Former CNN contributor Professor Marc Lamont Hill accused mainstream liberal American news outlets such as NBC and ABC of being "Zionist organizations."

Hill made the comments during a panel on “embedding Palestinian rights in the 2020 agenda” at the annual Netroots Nation summit for progressive activists in Philadelphia on Friday.

“They’re like, I want to work for Fox, or I want to work for ABC or NBC or whoever. I want to tell these stories,” Hill said in response to a question about how young journalists can report about the Palestinian Arabs.

“You have to make choices about where you want to work. And if you work for a Zionist organization, you’re going to get Zionist content. And no matter how vigorous you are in the newsroom, there are going to be two, three, four, 17, or maybe one powerful person — not going to suggest a conspiracy — all news outlets have a point of a view. And if your point of view competes with the point of view of the institution, you’re going to have challenges.”

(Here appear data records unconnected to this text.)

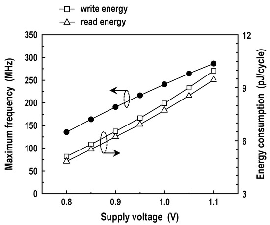 In Figure 19, we have shown the maximum frequency and energy dissipation of the memory operation from 1.1 down to 0.8 V. The energy consumption here represents a whole energy wasted in bitlines, datalines, main datalines, wordlines, decoders, BL-SAs, BSAs, write drivers, WWL booster, predecoders, control logic, I/O buffers, and other peripheral circuits. The simulations are consistent with the predictions; reducing the supply voltage brings about longer delays and lower energy consumption. For the supply voltage of 1.0 V, the DC-GCDRAM functions at 241 MHz with write and read energy figures of 8.12 and 7.72 pJ/cycle, respectively. The write energy is 5.2% higher than the read energy because of the WWL boost.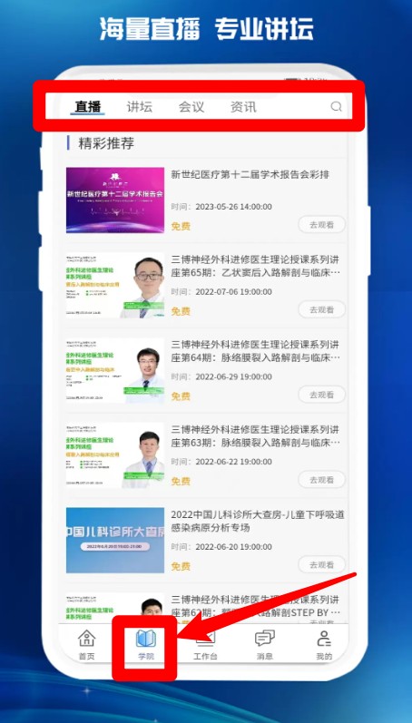 2.点击“学院”板块可查看直播、讲坛、会议及医学资讯,适合医生学术学习与知识更新。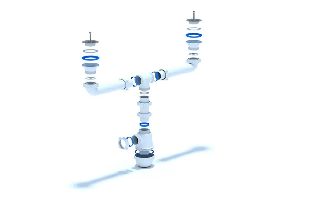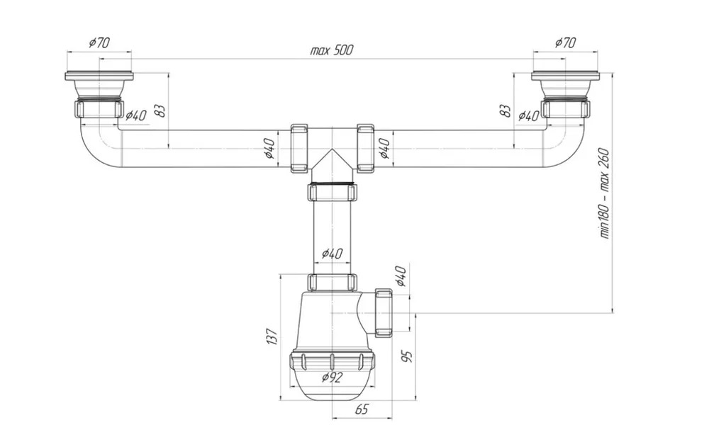 Сифон для кухонной мойки с двумя чашами и сливными отверстиями 50мм. Выход для подключения к канализации 40мм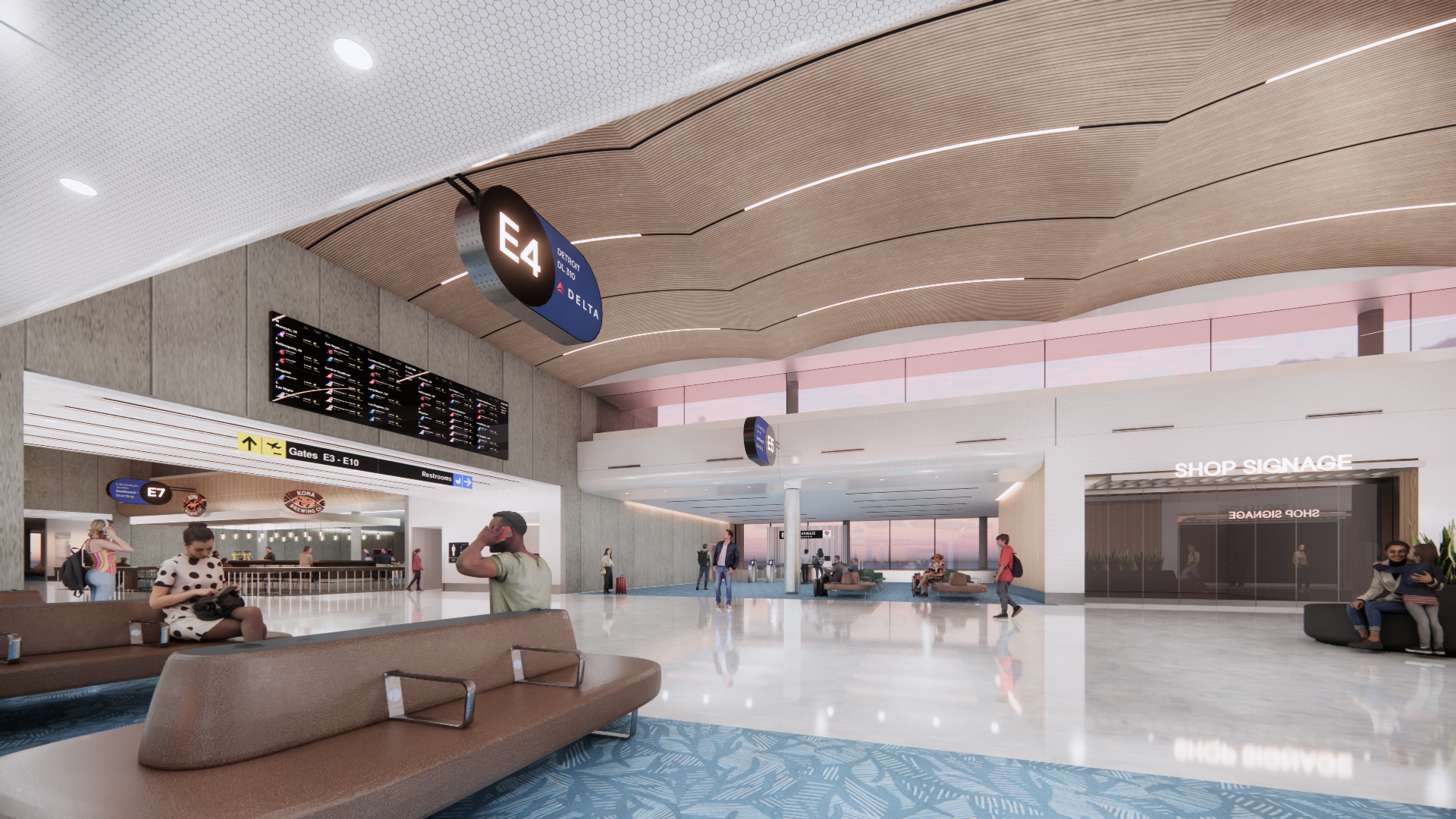 don t change the camera angle no direct sunlight in the space add hawaii ocean no corals but abstract fish themed elegant mosaic art on the fascia this mosaic art is made of white beige champagne and light blue tiles fill the shops with souvenir shops don t change the gate lounge on the left add cove light on the ceiling remove pinkish sky light behind the glass change the shop sign to aloha mart change the flight information board on the left to digital art

T-shirts were sold at the summit presenting "Zionism" as a force to be resisted along with racism, sexism, homophobia, anti-Semitism, and other forms of bigotry.

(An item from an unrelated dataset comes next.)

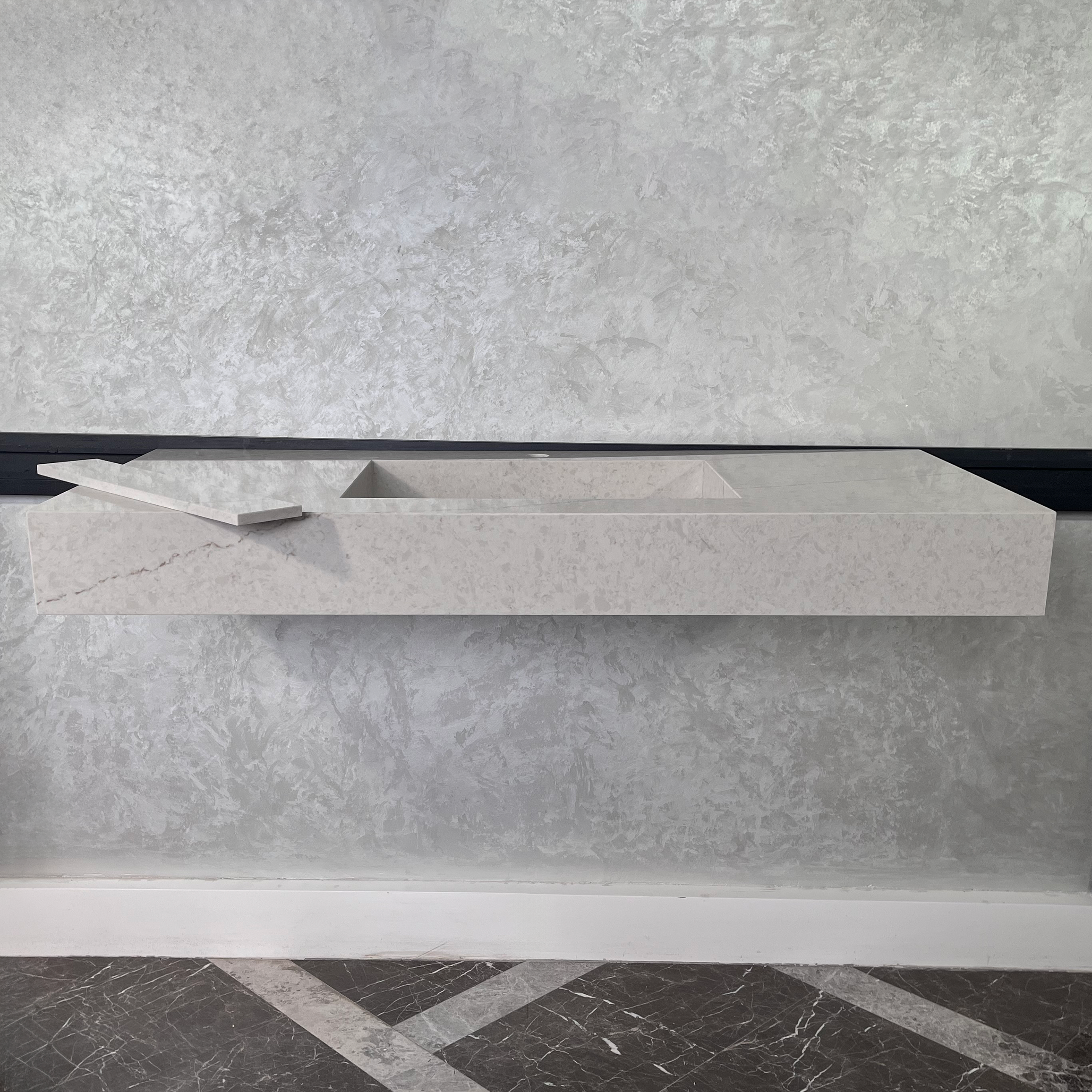 This durable and elegant quartz sink was cut and assembled by hand delicately. Thanks to latest innovations in technology, it is possible to create super durable and stylish slabs. It is a long lasting and very durable material.

Anti-Defamation League CEO Jonathan Greenblatt slammed the t-shirts as anti-Semitic.

"Zionism is nothing like white supremacy. Anyone who offensively claims Zionism is a white supremacist project is ignorant of the tremendous diversity of modern Israel and seeks to negate the millennia-old connection of Jews to the Land of Israel,” Greenblatt told Jewish Insider.

Another speaker at the panel, George Mason University Professor Noura Erekat, said of the Arab-Israeli conflict that "the whole land is occupied" and that those “still having conversations about a two-state solution are either ignorant or malicious.”

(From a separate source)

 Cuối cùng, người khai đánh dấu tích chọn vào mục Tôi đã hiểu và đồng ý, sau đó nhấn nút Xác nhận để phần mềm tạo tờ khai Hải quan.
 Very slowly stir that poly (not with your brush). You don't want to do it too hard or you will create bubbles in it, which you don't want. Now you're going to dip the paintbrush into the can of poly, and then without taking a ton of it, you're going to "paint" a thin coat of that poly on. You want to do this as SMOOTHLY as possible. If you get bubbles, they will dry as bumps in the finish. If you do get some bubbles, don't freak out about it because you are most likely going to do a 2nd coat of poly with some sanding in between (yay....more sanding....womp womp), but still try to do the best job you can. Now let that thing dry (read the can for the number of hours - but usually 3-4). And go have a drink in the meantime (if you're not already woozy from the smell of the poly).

Hill, a longtime anti-Israel activist, was fired from his position at CNNlast fall after he called for a "free Palestine from the River to the sea" at the United Nations.

In May, Hill suggested that Mizrachi Jewish identity was a Zionist invention designed "as a means of detaching them from Palestinian identity.”

Hill took to Twitter to deny that his comments constituted an anti-Semitic conspiracy theory.

"The idea of “Jewish controlled media” is an anti-Semitic narrative that I wholly and unequivocally reject. My instinct is to ignore this, but I care too much about the subject to do so," Hill wrote.

"First, I told the student that if they wanted to do radical work, they may not be able to so inside a mainstream outlet. Then I said, as an example, that you can’t do anti-Zionist work inside a Zionist org. I specifically said that there is NOT a conspiracy of media control. More broadly, I consistently say and firmly believe that we can critique policy and practice. But we can never support, implicitly or explicitly, any forms of anti-Semitism. Including long-standing and harmful narratives," he concluded.